What the task asks: Beginning at the line containing "Funeral Programs / Begrafnisbriewe", repeat each line below exactly up to and including the line containing "Yxy 58.19,0.355,0.494 Color". Do not repeat the pictures.

Material supplied:
====

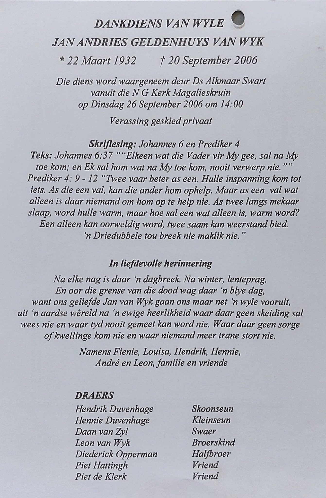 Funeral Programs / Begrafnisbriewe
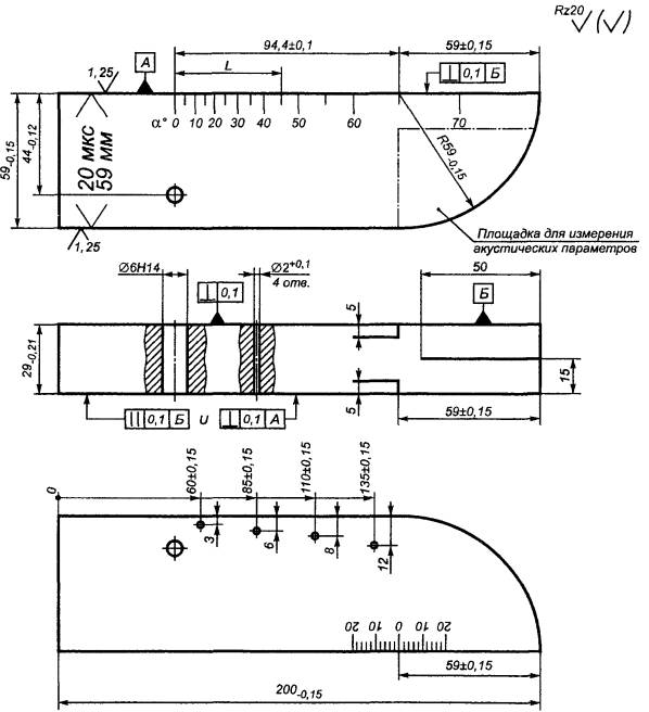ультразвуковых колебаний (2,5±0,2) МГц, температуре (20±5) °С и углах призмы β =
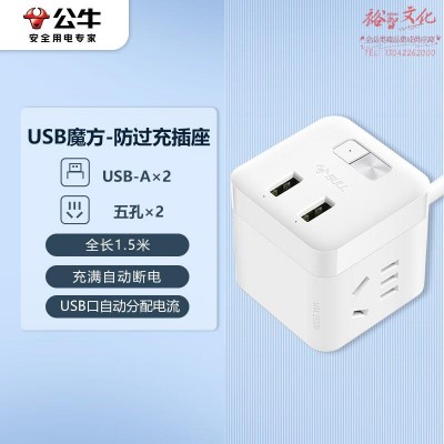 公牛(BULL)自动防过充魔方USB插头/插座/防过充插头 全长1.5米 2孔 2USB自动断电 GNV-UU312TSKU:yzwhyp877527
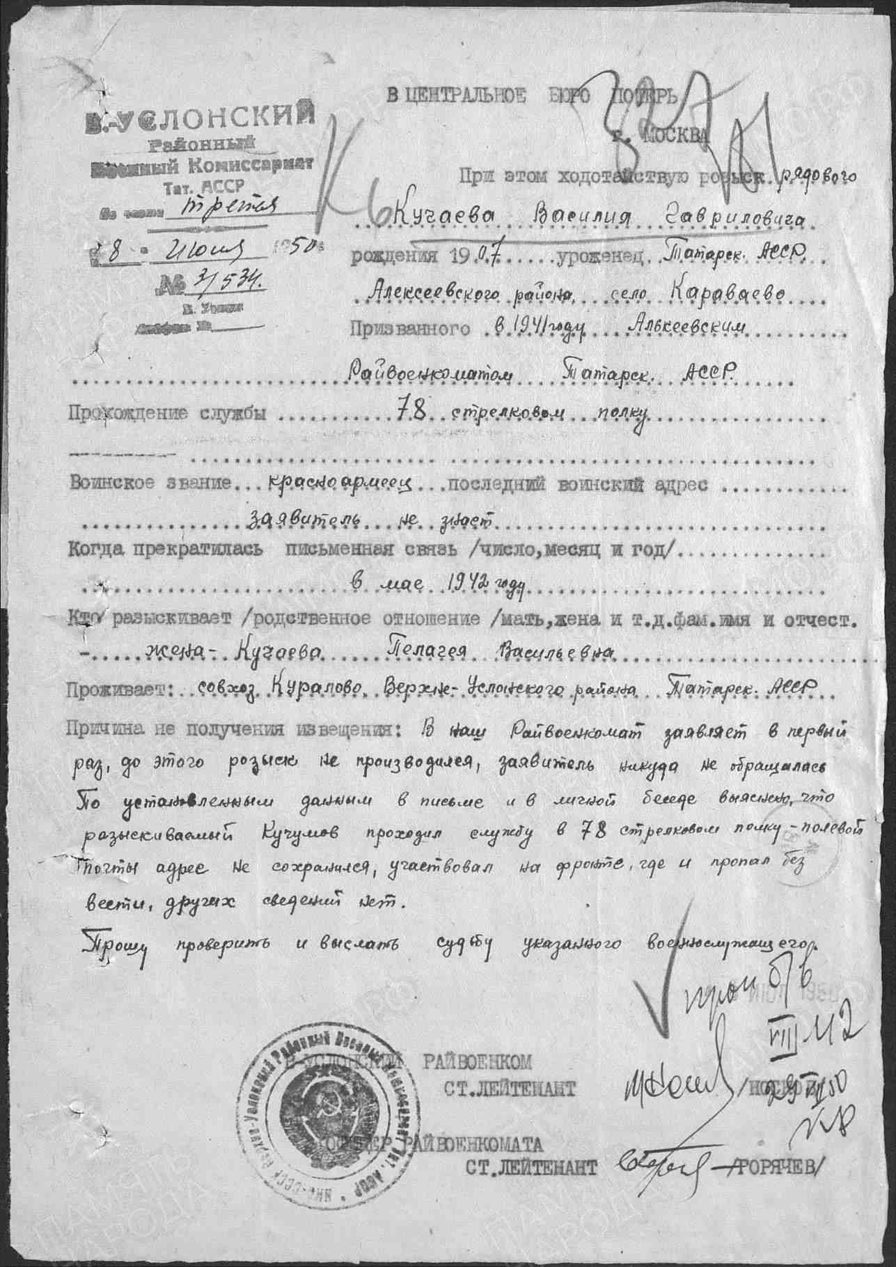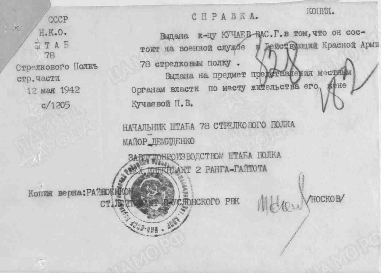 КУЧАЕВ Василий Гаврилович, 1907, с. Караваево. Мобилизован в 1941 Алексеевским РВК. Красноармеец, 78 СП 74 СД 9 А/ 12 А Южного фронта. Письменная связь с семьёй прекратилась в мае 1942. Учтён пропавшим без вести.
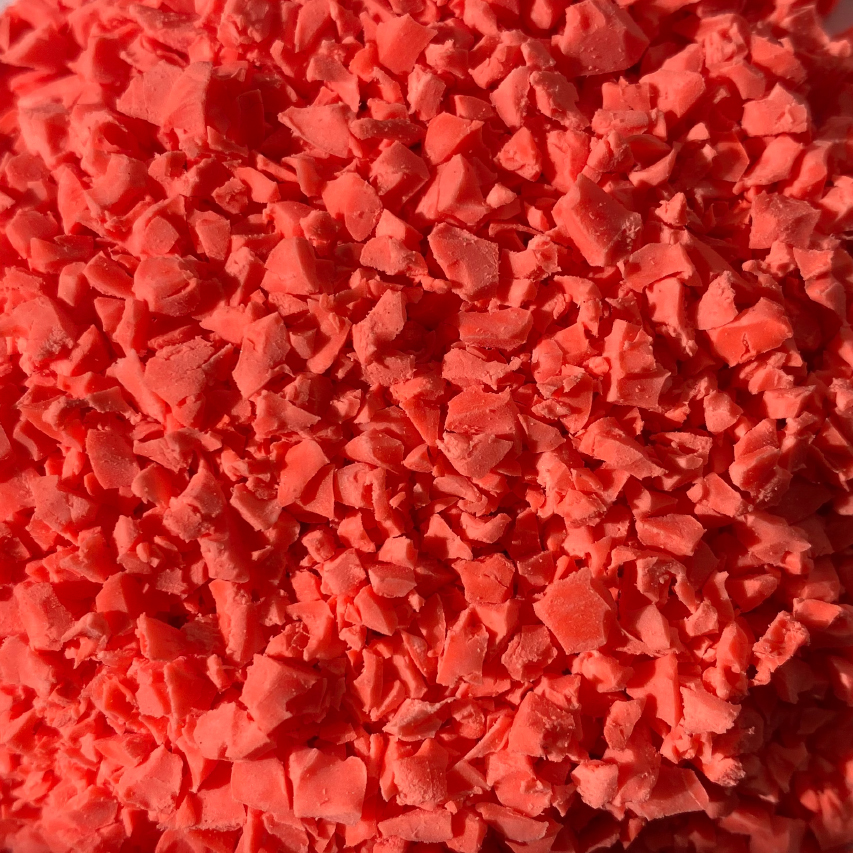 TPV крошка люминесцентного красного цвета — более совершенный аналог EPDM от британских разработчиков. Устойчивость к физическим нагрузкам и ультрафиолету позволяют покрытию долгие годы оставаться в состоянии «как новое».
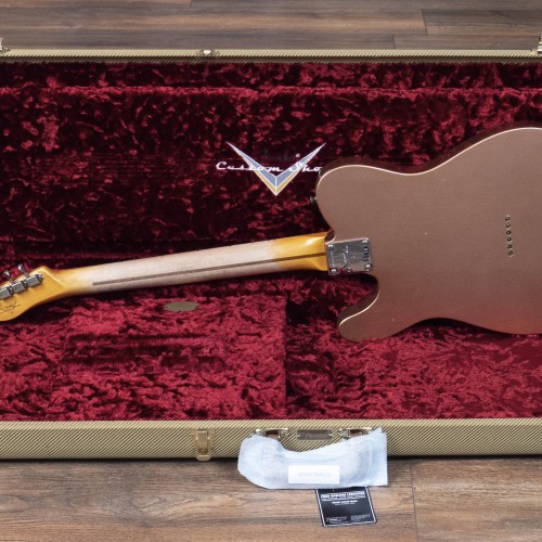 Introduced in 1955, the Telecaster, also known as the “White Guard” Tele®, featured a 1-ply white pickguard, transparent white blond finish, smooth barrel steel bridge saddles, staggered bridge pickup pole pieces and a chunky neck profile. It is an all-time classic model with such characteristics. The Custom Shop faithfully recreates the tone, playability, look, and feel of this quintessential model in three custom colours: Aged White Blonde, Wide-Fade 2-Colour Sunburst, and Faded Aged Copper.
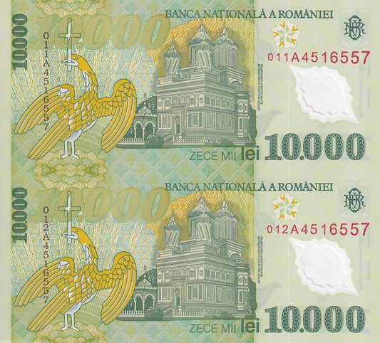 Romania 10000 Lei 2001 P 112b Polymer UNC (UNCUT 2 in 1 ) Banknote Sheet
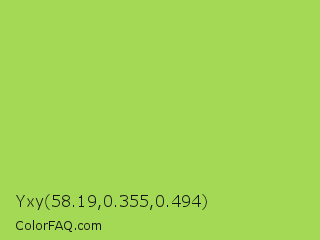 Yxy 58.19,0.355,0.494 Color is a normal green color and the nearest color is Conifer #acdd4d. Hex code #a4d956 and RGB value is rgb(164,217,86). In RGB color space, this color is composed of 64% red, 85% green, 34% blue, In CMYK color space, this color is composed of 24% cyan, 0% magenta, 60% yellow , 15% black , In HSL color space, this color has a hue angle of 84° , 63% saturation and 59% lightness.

====

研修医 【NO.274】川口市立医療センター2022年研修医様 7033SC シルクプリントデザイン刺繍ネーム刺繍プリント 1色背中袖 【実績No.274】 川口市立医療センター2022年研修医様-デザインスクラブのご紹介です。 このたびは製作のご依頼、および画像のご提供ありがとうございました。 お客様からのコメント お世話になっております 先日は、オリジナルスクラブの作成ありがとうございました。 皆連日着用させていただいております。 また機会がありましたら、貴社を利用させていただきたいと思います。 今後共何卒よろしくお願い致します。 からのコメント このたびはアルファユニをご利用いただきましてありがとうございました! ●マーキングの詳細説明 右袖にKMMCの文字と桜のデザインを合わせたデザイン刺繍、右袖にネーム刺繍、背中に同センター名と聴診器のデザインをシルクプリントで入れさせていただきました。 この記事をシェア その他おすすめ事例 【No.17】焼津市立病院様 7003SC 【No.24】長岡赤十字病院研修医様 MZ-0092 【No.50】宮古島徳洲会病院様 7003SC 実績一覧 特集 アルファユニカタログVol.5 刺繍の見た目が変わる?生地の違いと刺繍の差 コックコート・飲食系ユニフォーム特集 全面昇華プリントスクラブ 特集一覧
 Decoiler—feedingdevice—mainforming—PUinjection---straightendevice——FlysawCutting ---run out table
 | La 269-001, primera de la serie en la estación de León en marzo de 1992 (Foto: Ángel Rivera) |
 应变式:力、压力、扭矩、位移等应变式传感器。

====

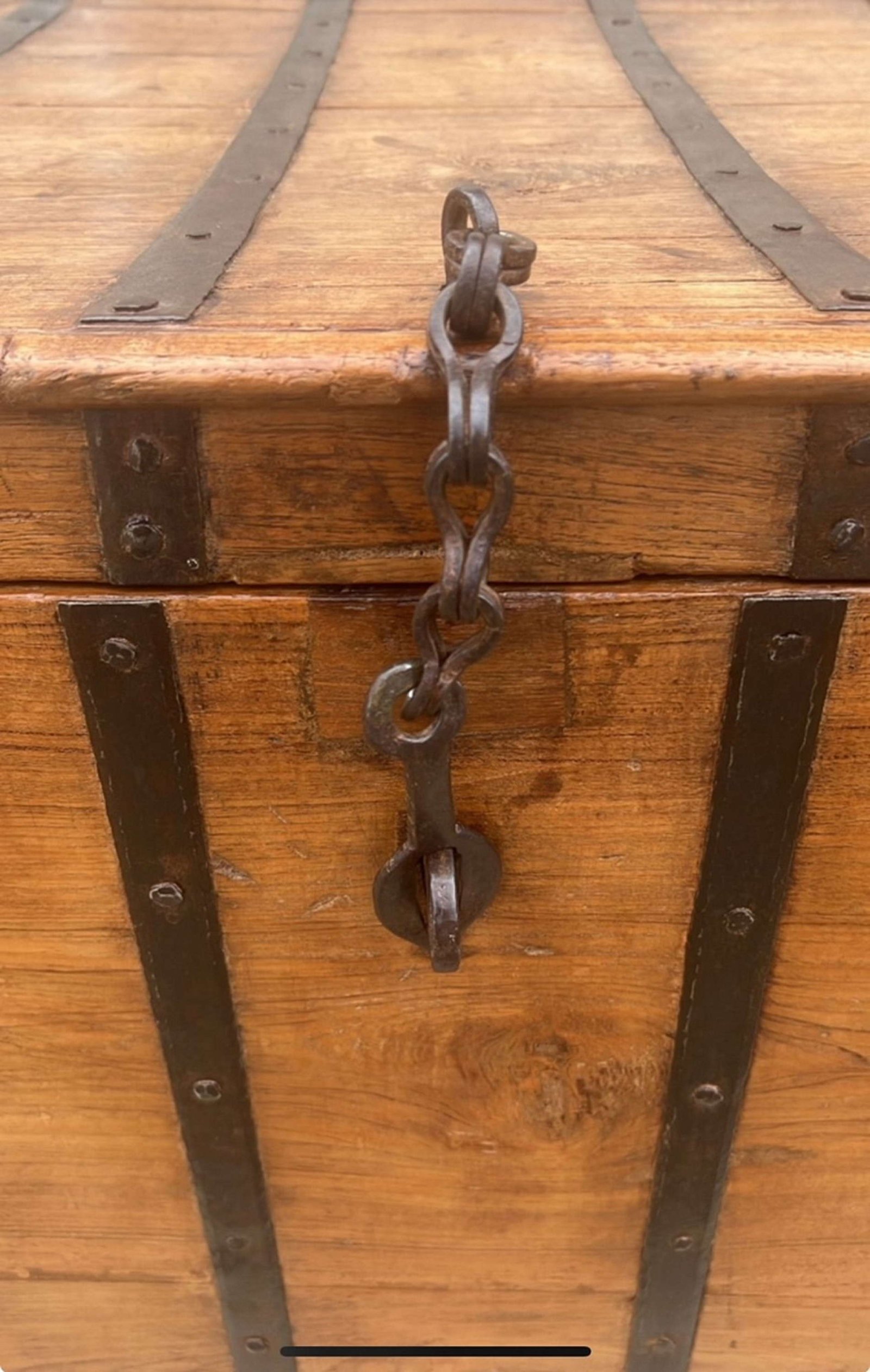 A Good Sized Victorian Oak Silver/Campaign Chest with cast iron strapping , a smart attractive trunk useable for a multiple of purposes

====

Response to this task:
 Funeral Programs / Begrafnisbriewe
ультразвуковых колебаний (2,5±0,2) МГц, температуре (20±5) °С и углах призмы β =
 公牛(BULL)自动防过充魔方USB插头/插座/防过充插头 全长1.5米 2孔 2USB自动断电 GNV-UU312TSKU:yzwhyp877527
 КУЧАЕВ Василий Гаврилович, 1907, с. Караваево. Мобилизован в 1941 Алексеевским РВК. Красноармеец, 78 СП 74 СД 9 А/ 12 А Южного фронта. Письменная связь с семьёй прекратилась в мае 1942. Учтён пропавшим без вести.
 TPV крошка люминесцентного красного цвета — более совершенный аналог EPDM от британских разработчиков. Устойчивость к физическим нагрузкам и ультрафиолету позволяют покрытию долгие годы оставаться в состоянии «как новое».
 Introduced in 1955, the Telecaster, also known as the “White Guard” Tele®, featured a 1-ply white pickguard, transparent white blond finish, smooth barrel steel bridge saddles, staggered bridge pickup pole pieces and a chunky neck profile. It is an all-time classic model with such characteristics. The Custom Shop faithfully recreates the tone, playability, look, and feel of this quintessential model in three custom colours: Aged White Blonde, Wide-Fade 2-Colour Sunburst, and Faded Aged Copper.
 Romania 10000 Lei 2001 P 112b Polymer UNC (UNCUT 2 in 1 ) Banknote Sheet
 Yxy 58.19,0.355,0.494 Color is a normal green color and the nearest color is Conifer #acdd4d. Hex code #a4d956 and RGB value is rgb(164,217,86). In RGB color space, this color is composed of 64% red, 85% green, 34% blue, In CMYK color space, this color is composed of 24% cyan, 0% magenta, 60% yellow , 15% black , In HSL color space, this color has a hue angle of 84° , 63% saturation and 59% lightness.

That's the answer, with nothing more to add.